Dopo il massacro di Charleston –nove neri uccisi dal giovane supremazista bianco-, Obama dice: “Sul controllo delle armi, dobbiamo smuovere l’opinione pubblica”, ricordando che se la riforma che lui aveva in mente fosse stata adottata le stragi sarebbero meno frequenti. Il presidente non cede all’idea che Charleston sia “la nuova normalità” e crede che gli americani faranno “la cosa giusta”.

I sondaggi gli danno torto, anche se armi se ne vendono di meno. La Colt, la cui pistola è un’icona del Far West, ha appena chiesto la bancarotta controllata, sommersa dai debiti dopo 179 anni d’attività, e s’è messa in vendita. A gravare sui bilanci, più che le minori vendite ai privati, sono però state mancate commesse federali.

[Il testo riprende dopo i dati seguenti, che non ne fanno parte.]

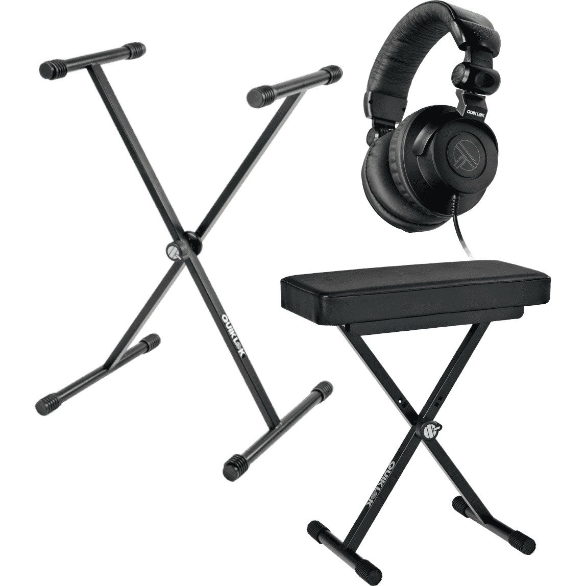 Accessoires nodig om keyboard te spelen? Met de KEYBUNDLE1-BK van Quiklok schaf je meteen een handige startersset aan bestaande uit een T10 keyboardstand, een zwart BX8 bankje en een HP10 hoofdtelefoon. De X-vormige keyboardstand is enkelvoudig en kan in de hoogte versteld worden, evenals het bankje. Dit bankje kan tot 112 kilogram dragen en is uitgerust met een lekker dik kussen om comfortabel te zitten. De gesloten hoofdtelefoon garandeert je een nauwkeurige weergave van je geluid door de drivers van 50 millimeter en is goed geïsoleerd zodat je niet hoeft te vrezen voor ruis. De kabel is 3 meter lang en dus geschikt voor veel situaties. Door de impedantie van 32 ohm kan je de koptelefoon aansluiten op je smartphone of tablet.

Difeso dalla lobby della National Rifles Association, il diritto al possesso delle armi è radicato nell’opinione pubblica. Il sito FiveThirtyEight scrive che il massacro di Charleston non avrà impatto: i repubblicani non ne vogliono sentire parlare, molti democratici sono contrari o tiepidi. Secondo i sondaggi, il sostegno anti-armi è addirittura andato calando negli ultimi 25 anni. Episodi come le stragi nel liceo di Columbine (Colorado) nel 1998 e nella scuola di Newtown (Connecticut) nel 2012 hanno provocato picchi d’indignazione e di preoccupazione di breve durata, perché dopo due a tre settimane l’attenzione si riassorbe. Fino alla strage successiva.